她拉上拉链,双手使劲将书包一拽,“过来,我看看。”
叶新不情愿地凑过去,嘴里嘟囔,“有老师同学在呗,没有小龙能不借我?”
“小龙他自己不丢了都不错呢!”叶姥姥把孙子从头到尾摸了一遍,想不出有哪里不妥当,又拿了一顶帽子来,“来来来戴个帽子,山里的日头毒得很。”
叶新的嘴撅得老高。
“水壶装好了,热的,不许喝生水,听见没?上次你偷喝溪水拉肚子的事我还没忘呢。”姥姥眯起眼,虽然年事已高,但记性特别好
“别在山里玩野了,那些水看着干净,实际里面全是寄生虫。”
“那都是我幼儿园的事了…”
“幼儿园怎么了?上了小学就不是我孙子了?”姥姥转身从桌上拿起一个保鲜盒,“苹果切块了盒子里有牙签,不用拿手直接吃,饭团里放了菜和鱼——不许挑出来扔了!”
叶新不耐烦地点点点头,他姥姥又变戏法似的摸出了个铁哨子,挂他脖子上,仔仔细细地嘱咐
“要是和大部队走丢了,找不到路了,不要怕没面子,拼命吹,姥姥听见就来救你了。”
“姥啊,现在有手机…...你从这里飞到山谷救我吗?”
“你玩一上午就没电了!来,这儿多拿一个备用机揣着.......”
他俩拉扯许久,终于终于,校车停到了家门口,叶新如获大赦地跳上车,冲姥姥比了个拜拜,满满都是对自由的向往。
叶姥姥取下眼镜擦了擦,呵呵两声,进屋又打了电话。
“......小龙妈,谢谢你们来接我,对,对,生活老师说等他们都到了扎好营了,远远地跟着。”
“哎呀,都这一套,行,那我等你们来接。”
林姥姥哗啦啦收拾出一个保温夹层的大包,打开冰箱,将昨日就精心备好的盒饭重新上锅蒸热,再严防死守地放进保温袋里扎起来。

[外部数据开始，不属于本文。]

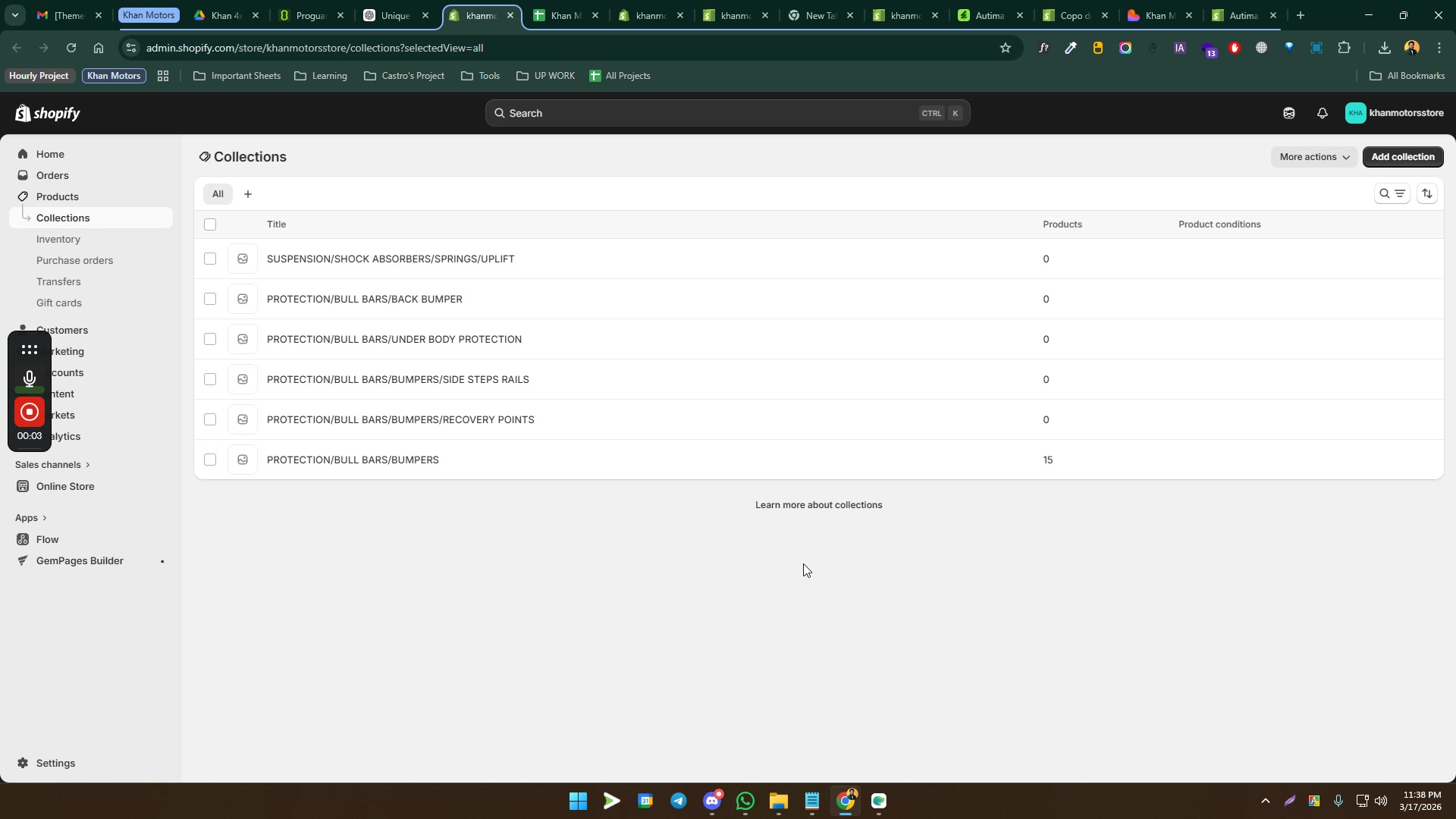 khanmotorsstore · Collections · Shopify - Google Chrome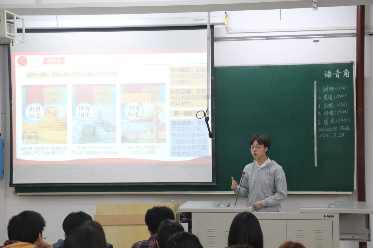 3月25日下午至26日上午进行小组说课展示和高中政治新课标的研读及探讨,加深同学们对新课标的理解与认识,并充分将所学知识运用至说课环节。通过借鉴优秀教师的说课与讲课经验,有助于我院学子塑造扎实的学术基础、精进教学技艺,展现出卓越自我的精神风貌。

最后手脚麻利地洗梨子切桃子,用大盒子装起来,围着厨房忙活了一圈又一圈。
她对镜子梳梳头,摸了摸发胶,换上体面的真丝套装,等万事俱备,小龙家的车也停门口了,叶姥姥腿脚灵活地扛起大包,快步赶到。
小龙他爹开的一辆豪华版迈腾,车身漆黑又低调,等姥姥走到车前就默契十足地打开后备箱,将叶姥姥装满丰盛餐点的大背包装上车。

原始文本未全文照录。